- [Task prompt] Pictures are to be skipped. Retype exactly the lines from the top of the material through the one with "Sreenivasan G, Executive", and only those.

- [Data section]
-- Opening Marker --

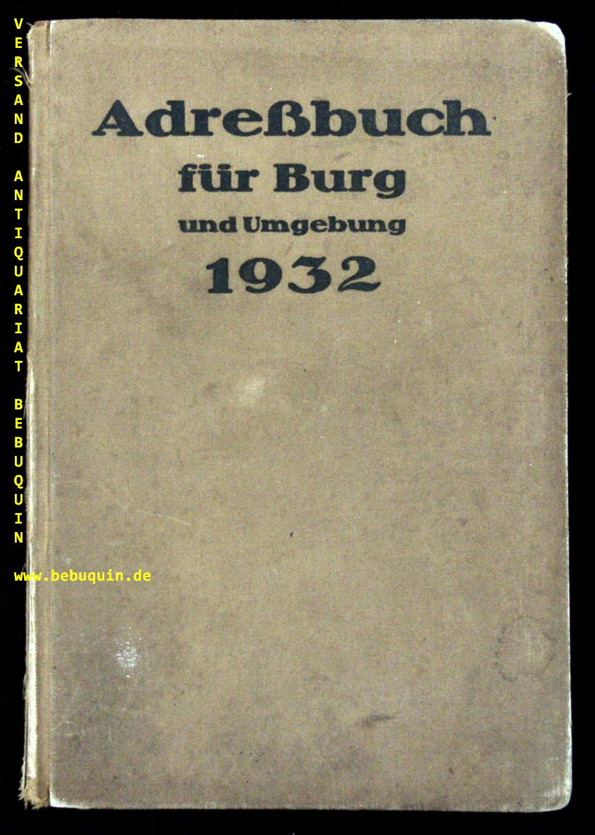 BURG.– EINWOHNER- UND GESCHÄFTSHANDBUCH FÜR BURG UND DIE DÖRFER DER UMGEBUNG 1932.– Burg (Tageblatt), 1932. Gr. 8°. 252 S.+ XXVII S. Werbung. OLn. Kapital angeplatzt, Einband gebräunt, im Werbeteil mit wenigen Einrissen, insgesamt gut erhalten. seltene EA.
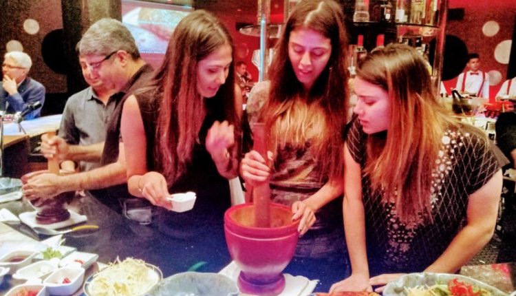 Sreenivasan G, Executive Chef, Radisson Blu Plaza Delhi Airport not only exhibited live the making of the Green papaya salad Som Tam by explaining the recipe and crushing the ingredients right in front of the guests, but he also made them try their hands in making the same. Segregated in various trams, the guests of Dyego team won the prize for the best Som Tam presentation.
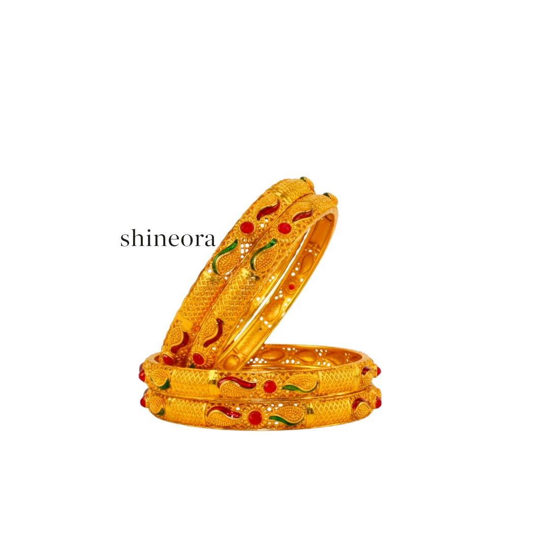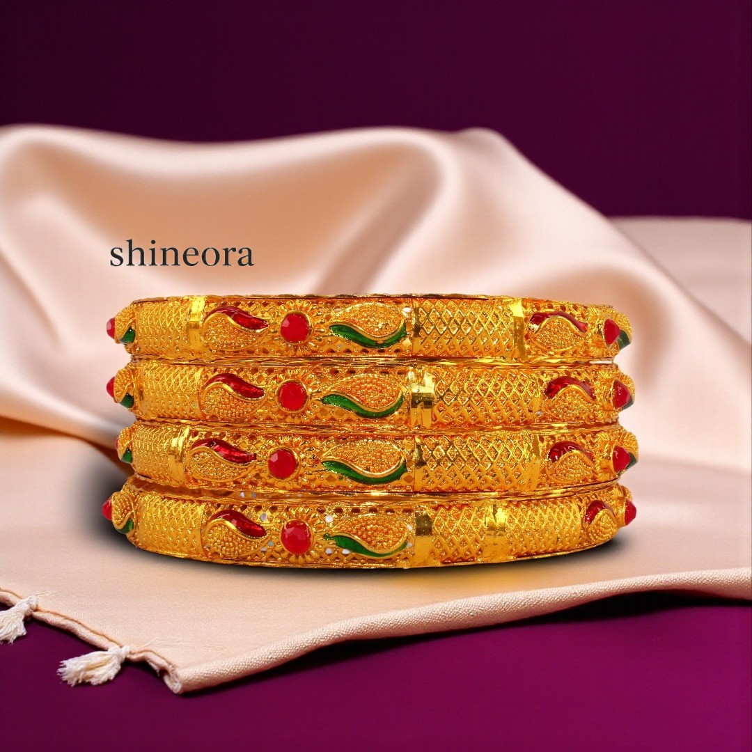 Add a touch of traditional elegance to your ensemble with this exquisite set of 4 gold-plated bangles from SHINEORA. Each bangle showcases intricate paisley patterns meticulously crafted with stunning detail. The bangles feature beautiful red and green enamel work that adds a pop of colour to the gleaming gold-plated surface. The detailed lattice design and geometric patterns give these bangles a rich, ornate appearance that’s perfect for special occasions, festivals, or traditional ceremonies. The set combines classic Indian artistry with contemporary styling, making it versatile enough to complement both traditional and modern outfits. These bangles are ideal for creating a statement look when worn together or can be mixed and matched with other bangles for a personalized style. The traditional design elements and premium finish make this set a treasured addition to any jewellery collection, perfect for gifting or personal adornment.
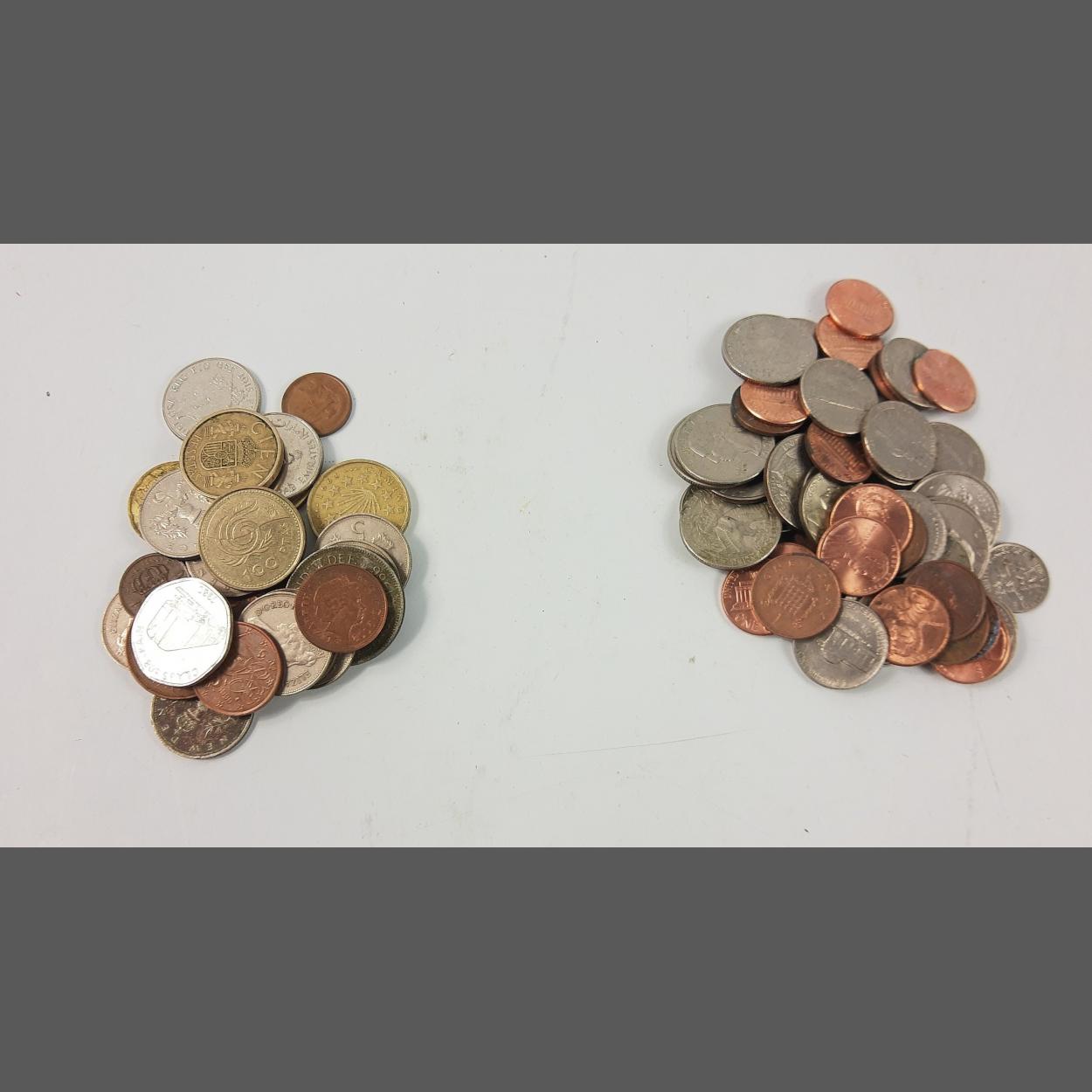 A bag of USA coins including 1 cent, 5 cent and 25 cents plus another bag with 'old' 5p coins and various European coins

-- Closing Marker --

- [Solution below]
 BURG.– EINWOHNER- UND GESCHÄFTSHANDBUCH FÜR BURG UND DIE DÖRFER DER UMGEBUNG 1932.– Burg (Tageblatt), 1932. Gr. 8°. 252 S.+ XXVII S. Werbung. OLn. Kapital angeplatzt, Einband gebräunt, im Werbeteil mit wenigen Einrissen, insgesamt gut erhalten. seltene EA.
 Sreenivasan G, Executive Chef, Radisson Blu Plaza Delhi Airport not only exhibited live the making of the Green papaya salad Som Tam by explaining the recipe and crushing the ingredients right in front of the guests, but he also made them try their hands in making the same. Segregated in various trams, the guests of Dyego team won the prize for the best Som Tam presentation.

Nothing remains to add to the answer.